My mechanic got it fixed. I'm supposed to pick it up tomorrow. Supposed...

He said the only thing that's ever made a slight, tiny difference is applying grease to the bolts. He also said that on Mercs he ALWAYS torches the bolts prior to removal. Even as a preventative measure to prevent breaking. He said that the Mercs were constructed differently than Johnson/Evinrude and Yamaha in that the 'Rudes allow more play (un-noticeable to a normal person) in the bolt which allows them to be more easily freed if there is corrosion (when is there not?). Mercs, on the other hand, are constructed very tight so if there is corrosion, they are probably seized up.

You live and learn I guess...


----------



## rkmurphy

The shop called today and they said the motor still isn't peeing good, despite replacing the impeller. They said the pee stream is still steaming, too.

Now I'm supposed to pick up a new housing assembly for the water pump. Does this sound right?


----------



## Brett

If the impeller housing is distorted or cracked,
water will leak out before it can get to the block.
This is called learning about outboards the hard way.
Old motors develop all sorts of interesting quirks
and deficiencies. I've learned buying a used boat
is a good thing, buying a used motor is a gamble.
A used boat you can see almost all the surfaces
and check for defects, but a used motor can look
great from the outside, and have a world of problems
that will empty your bank account. Learn to do your
own work RK, or else buy new motors with the
extended warranty. Otherwise, in the long run,
new or used, the cost will be the same.


----------



## rkmurphy

> If the impeller housing is distorted or cracked,
> water will leak out before it can get to the block.
> This is called learning about outboards the hard way.
> Old motors develop all sorts of interesting quirks
> and deficiencies. I've learned buying a used boat
> is a good thing, buying a used motor is a gamble.
> A used boat you can see almost all the surfaces
> and check for defects, but a used motor can look
> great from the outside, and have a world of problems
> that will empty your bank account. Learn to do your
> own work RK, or else buy new motors with the
> extended warranty. Otherwise, in the long run,
> new or used, the cost will be the same.

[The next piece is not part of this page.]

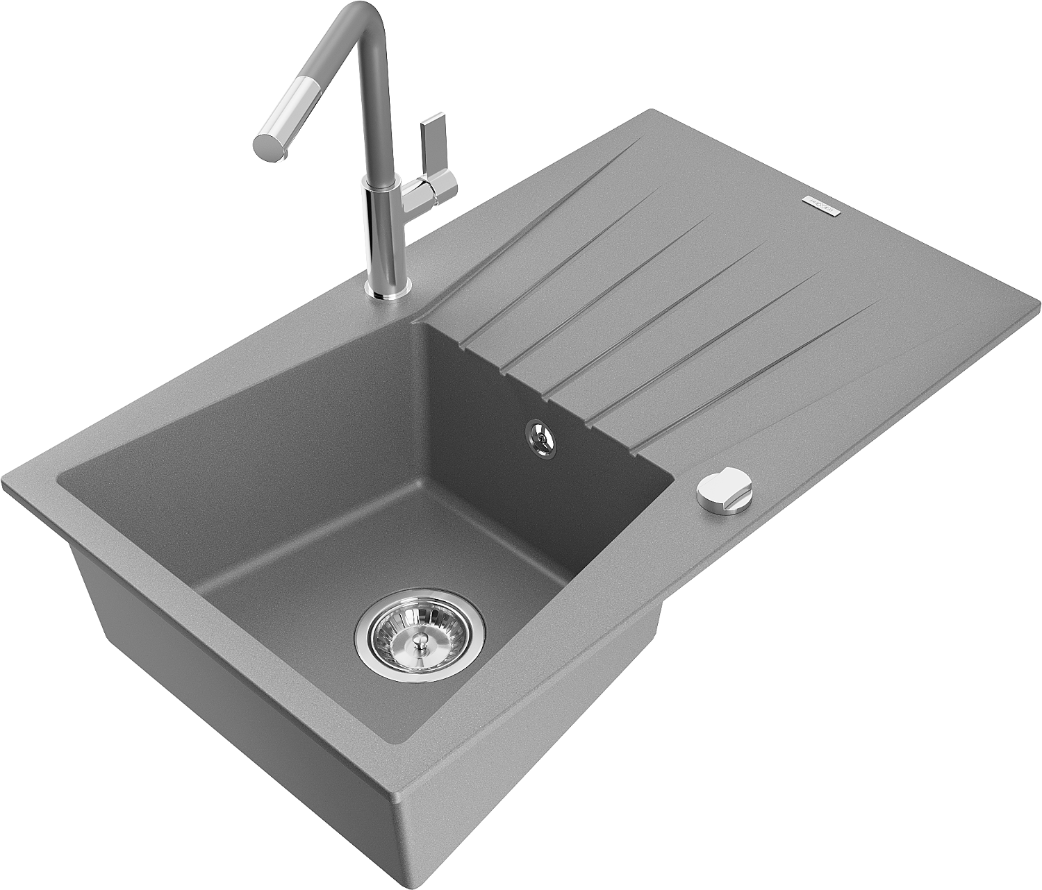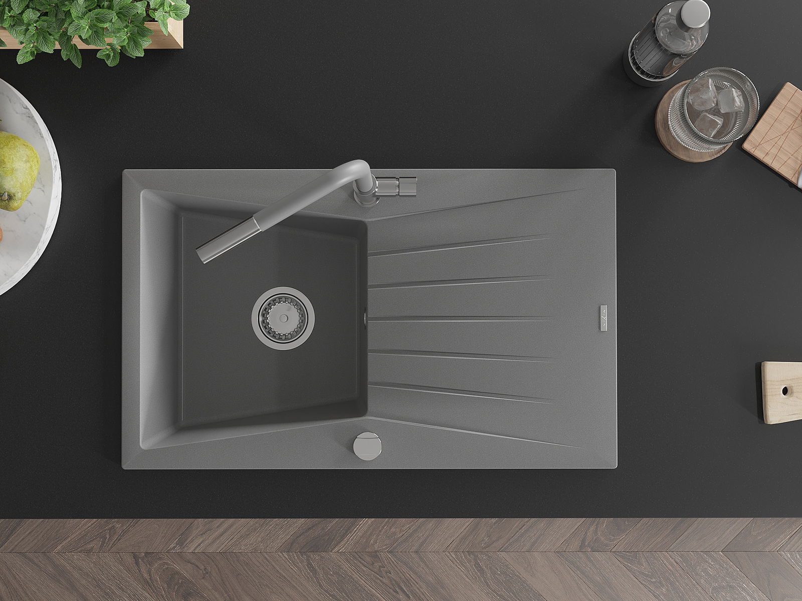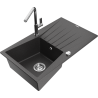 Mexen Cesar granitinis vienos kameros plautuvas su nusausintuvu ir virtuviniu maišytuvu Flora, pilkas - 6514-71-670401-06

I definitely agree that I'm learning the hard way...the whole kit (including housing) was ~$84. This thing better be like new when I get it back...


----------



## rkmurphy

I have narrowed down the squeak issue to some sort of air/fuel mixture coming off WOT. The reason being as I didn't notice it while I was running WOT (maybe I just couldn't hear it) but when I got back down to 1/2 throttle I did notice it. I decreased RPM to idle and went to give it more gas and it sounded like it burned off some carbon (popped sort of) and no more squeak. It ran perfect from that point.


----------



## rkmurphy

> I have narrowed down the squeak issue to some sort of air/fuel mixture coming off WOT.  The reason being as I didn't notice it while I was running WOT (maybe I just couldn't hear it) but when I got back down to 1/2 throttle I did notice it.  I decreased RPM to idle and went to give it more gas and it sounded like it burned off some carbon (popped sort of) and no more squeak.  It ran perfect from that point.


Anyone?


----------



## Brett

Sounds like you've named the boat.
         "Squeaky"

             

As long as it keeps running I wouldn't mess with it.


----------



## rkmurphy

> Sounds like you've named the boat.
> "Squeaky"
> 
> 
> 
> As long as it keeps running I wouldn't mess with it.


I just don't want anything bad to happen if I run it WOT for a prolonged period. And what's having a boat that you can't open up every once in a while ;D? 

Haha anyone else have any thoughts? Or same thing?


----------



## Gramps

Did you call your mechanic and ask him? Check out the forums at ww.iboats.com some of them fellars REALLY know motors.  But I agree with Brett, if you do not notice a performance problem...    (sorry) then don't fiddle with it.

Try running some richer (oil heavy) gas to see if the squeak goes away.  If you think about it, at 3/4 throttle before WOT is the same as 3/4 after WOT, do you notice the noise there?  Sorry for rambling but IMHO you are in a two spot situation: leave it or rebuild.

Good luck.


----------



## rkmurphy

> Did you call your mechanic and ask him? Check out the forums at ww.iboats.com some of them fellars REALLY know motors.  But I agree with Brett, if you do not notice a performance problem...    (sorry) then don't fiddle with it.
> 
> Try running some richer (oil heavy) gas to see if the squeak goes away.  If you think about it, at 3/4 throttle before WOT is the same as 3/4 after WOT, do you notice the noise there?  Sorry for rambling but IMHO you are in a two spot situation: leave it or rebuild.
> 
> Good luck.


It does not occur at 3/4 throttle before WOT. I put a little extra oil in, too.

I'm gonna try to run it tomorrow at a lake because I have not run it WOT since it made the pop/carbon noise. Was there maybe just a bit of carbon that was plugging up a reed or something that I finally burned off? Because it ran fine right after that...at low speed/idle anyways. I guess I'll check iboats, too, whenever I get home.

And don't scare me with words like "rebuild". I would hope this issue wouldn't warrant that serious of a measure.


----------



## Brett

I'm feeling a bit evil right now... [smiley=devil10.gif]

Hey RK  "REBUILD"
(insert favorite evil laugh here)
   It's not if, it's when!


----------